От этой мысли Сигизмунду аж дурно стало. Экспе'имент, това'ищи, удался!
Открывал гараж с опаской. Запах оставался, хотя никаких других признаков вандальского взвода не наблюдалось. Ладно, подождут. Надо бы хоть пару часов поспать.
Сигизмунд вошел в квартиру. Там застоялся чужой тяжелый дух. Кобель пребывал в крайнем возбуждении. С точки зрения пса, гости источали на редкость соблазнительные запахи. Вообще, у кобеля имелась масса новых впечатлений, и он рвался поделиться ими с хозяином.
Сигизмунд отпихнул пса, выбросил из головы все мысли и направился в комнату. Лег, накрылся с головой одеялом и мгновенно заснул.
Глава одиннадцатая
Сигизмунд решил так: пусть гараж от вони хоть треснет, но не полезет он, Сигизмунд, больше ни в какой Анахрон. И потому провел день в относительной идиллии с Вамбой и Вавилой.
Посмотрели по ого фильм «Конан-варвар». Вандалы сперва хмурились, вникали, потом, вникнув, оглушительно ржали. Охотно пугались чудовищ. Фильм им очень понравился. Особенно эпизод, когда Конан ударил кулаком верблюда, и верблюд упал. По просьбе благодарных зрителей Сигизмунд прокрутил эпизод восемь раз.
Ну, что еще? Посмотрели «Конана» вторично. Вамба упросил. Мол, вникнуть ему нужно во всех продробностях. У себя в селе рассказать. Лиутара, сына Эрзариха, подивить.

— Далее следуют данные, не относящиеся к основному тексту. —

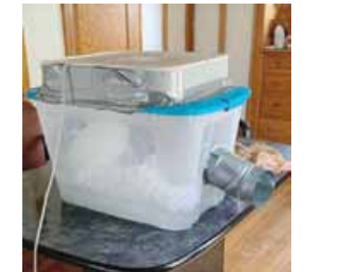
BRAND-NEW A/C UNIT Locally made! 305-555-COOL

ALSO AVAILABLE WITH ELECTRIC FENCE FOR COUPLES MARRIED 20+ YRS
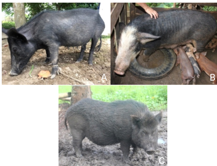
Figure 1. The predominant hair and coat color characteristics of native pigs in Bohol Island, Philippines: black colored (A), black with white patches in the forehead (B), and black of the wild pig (C)

domestic animals are the result of relatively recent human-mediated selection. Under farm conditions, there is a selection pressure by the native pig raisers who are forced to select the pure black color as the most important criterion/standard to qualify their stocks as native. Consumers, especially the health-conscious, choose pigs which are considered organically grown. They usually associate this with the black color of the pig's hair and coat.
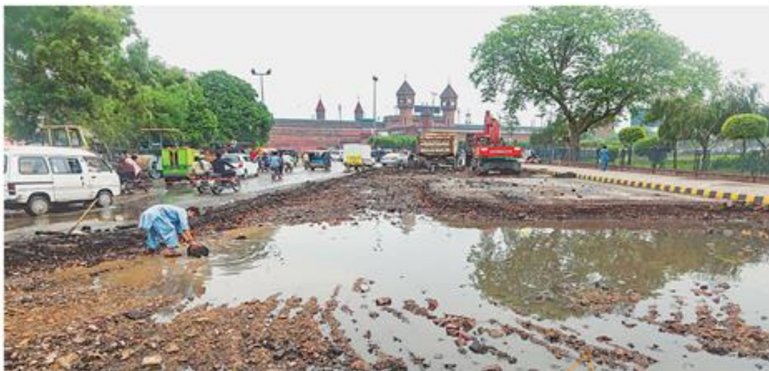
LAHORE: A labourer drains out rainwater from the road dug up for reconstruction near the railway station

Fatima said she had invited to philanthropists to donate money so that modern medical equipment, beds etc could be purchased and installed in the building located on Highway Road, Kamalia. —Correspondent

Лиутар — это их военный вождь.
Вавила вторично «Конана» не смотрел — он в это время спал. Проснувшись же, предложил Сигизмунду сыграть в кости. Сигизмунд в кости играть не умел, но вандалы быстро его обучили. Правила оказались нехитрые.
Сигизмунд сперва злился. Время бездарно проводить не любил. Но потом неожиданно втянулся — больно уж азартной оказалась игра. Проиграл шесть пуговиц с дедовского мундира. Потом отыгрался. Выиграл у Вавилы «пацифик». Кстати, оказалось — не пацифик, а одна воинская руна.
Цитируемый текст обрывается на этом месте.